Respect, like pretty much everything else in life is earned, not demanded.  What you give you get back.

Ask questions if you have them, don't complain about something not working like you think it should when people are trying to help.
I'm hitting reply before you get tossed.


----------



## Geezer (Jul 6, 2021)

Kolusion said:


> Forget it mate, this application is a pile of xxxx. I am uninstalling it.
> 
> Thanks again for your help.



I don't want to read this in our forum.


----------



## SirDice (Jul 6, 2021)

I was going for a temporary ban at first but the latest insult Kolusion just directed at me got him permanently banned.


----------



## mer (Jul 6, 2021)

The visudo:
As root do the following command:
echo "username ALL=(ALL) ALL" >> /usr/local/etc/sudoers.d/users

Of course, substitute the desired username for "username" in the echo command.


----------



## hardworkingnewbie (Jul 6, 2021)

SirDice said:


> I was going for a temporary ban at first but the latest insult Kolusion just directed at me got him permanently banned.


Finally, thank you so much!


----------



## kpedersen (Jul 6, 2021)

Kolusion said:


> so you'd think you would ask to add people during installation right? lol


No. Some people have better workflows than manually entering users during an installation script.



Kolusion said:


> mer, _visudo_ is broken. It doesn't let me type anything. Got any ideas?


Learning (n)vi is admirable. However, instantly calling it broken made me chuckle.


----------



## Alain De Vos (Jul 6, 2021)

SirDice said:


> I was going for a temporary ban at first but the latest insult Kolusion just directed at me got him permanently banned.
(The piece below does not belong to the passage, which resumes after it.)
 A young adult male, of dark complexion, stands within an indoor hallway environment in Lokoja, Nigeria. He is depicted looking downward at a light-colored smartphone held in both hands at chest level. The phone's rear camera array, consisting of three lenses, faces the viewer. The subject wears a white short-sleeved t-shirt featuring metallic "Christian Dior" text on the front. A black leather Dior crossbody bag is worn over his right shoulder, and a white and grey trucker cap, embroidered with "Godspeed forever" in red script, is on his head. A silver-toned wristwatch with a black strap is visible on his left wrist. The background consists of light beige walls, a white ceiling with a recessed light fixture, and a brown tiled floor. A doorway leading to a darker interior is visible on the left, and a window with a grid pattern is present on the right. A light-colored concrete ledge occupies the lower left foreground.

I think you had a lot of patience. As a former teacher having had thousands of students maybe too much patience.
I also now why. Because most of the time you deal with friendly and professional people.


----------



## Alexander88207 (Jul 6, 2021)

SirDice said:


> I was going for a temporary ban at first but the latest insult Kolusion just directed at me got him permanently banned.


Another one bites the dust, thanks!


----------



## mer (Jul 6, 2021)

I'm guessing that we've thoroughly flogged this particular horse.  
I think these threads are a decent example of "how NOT to ask for help" or "don't insult the people you're asking to help you".
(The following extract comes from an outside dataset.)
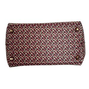 Auth FURLA - Red Dark Brown Khaki Leather Handbag
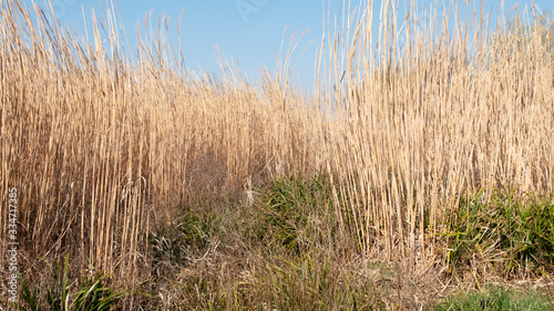 © djenev, Fototapeta premium dry stalks of reed of blue sky

Time to move on and wait for the next one.


----------



## SirDice (Jul 6, 2021)

Patience is an odd characteristic for someone with ADD, it's certainly something I had to learn to deal with. He managed to get a dubious record though, I've never seen this many reports in such a short time all reporting the same person. So, everyone that hit the report button, thanks for that.


----------



## bakul (Jul 6, 2021)

SirDice said:


> I was going for a temporary ban at first but the latest insult Kolusion just directed at me got him permanently banned.


Kolusion was actually pointing out things that confuse newbies and fixing them would make the installation process (or other things) smoother/easier. But his inability to use any social filters + seeing things in black and white was bound to result in this. I have worked with a couple of people like him and have seen this movie play out the same way. So it goes.


----------



## kpedersen (Jul 6, 2021)

bakul said:


> Kolusion was actually pointing out things that confuse newbies and fixing them would make the installation process (or other things) smoother/easier.
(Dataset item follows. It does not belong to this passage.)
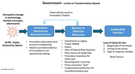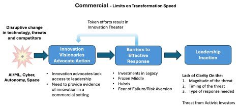 I’ve been working with a large organization whose very existence is being challenged by an onslaught of technology (AI, autonomy, quantum, cyberattacks, access to space, et al) from aggressive competitors, both existing and new. These competitors are deploying these new technologies to challenge the expensive (and until now incredibly effective) legacy systems that this organization has built for decades. (And they are doing it at speed that looks like a blur to this organization.) But the organization is also challenged by the inaction of its own leaders, who cannot let go of the expensive systems and suppliers they built over decades. It’s a textbook case of the Innovators Dilemma.
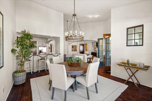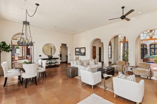 Vibrant luxury at El Andaluz! Masterfully designed by award-winning architect, Jeff Shelton, this iconic development features playful lines, intricate tile work, alluring wrought iron details and an envious open-air courtyard. This chic downtown condo is a spacious 2,231 s.f., with city and mountain views from the magniOcent great room, kitchen and main patio. Completing the Poorplan is an impressive primary suite, family room, large foyer, 1.5 baths and even an ofOce. The soaring 12' ceilings capitalize on the incredible natural light that highlights the architecture and whimsical design. Abundant windows, beautiful arches, three patios, generous storage, a private elevator, and a 2 car garage complete this artfully designed city retreat where attention to detail and construction

No matter how easy you try to make FreeBSD, it will never cater for such individuals. They don't want to learn and so they blame the work of others.

The only way FreeBSD could cater for such people is if it was a colouring book and not an operating system.


----------



## Emrion (Jul 6, 2021)

I'm more inclined to think it's a troll, and a skillful one.
Ban was inevitable and, in some ways, it's the ultimate purpose for people of this sort.


----------



## Alain De Vos (Jul 6, 2021)

In this case i'm also inclined to think it was a personal choise of him. There where active indicators for it.


----------



## hardworkingnewbie (Jul 6, 2021)

Emrion said:


> I'm more inclined to think it's a troll, and a skillful one.


He was a troll, but not a skilled one. On the contrary, quite a bland, predictable and boring one.

For me I am convinced about troll because of the plethora of questions he immediately raised after SirDice closed most of his existing threads. It always followed the same scheme: asking question about a well understood topic, and pretending there's an issue or he's not understanding something. Like this copying thread.

Then waiting for the first response, and having some trolling fun. If he would have had ADD instead I would have expected him to ask the same questions again, which were not answered yet fully, but he did not that. Instead new questions in new areas and new sub forums.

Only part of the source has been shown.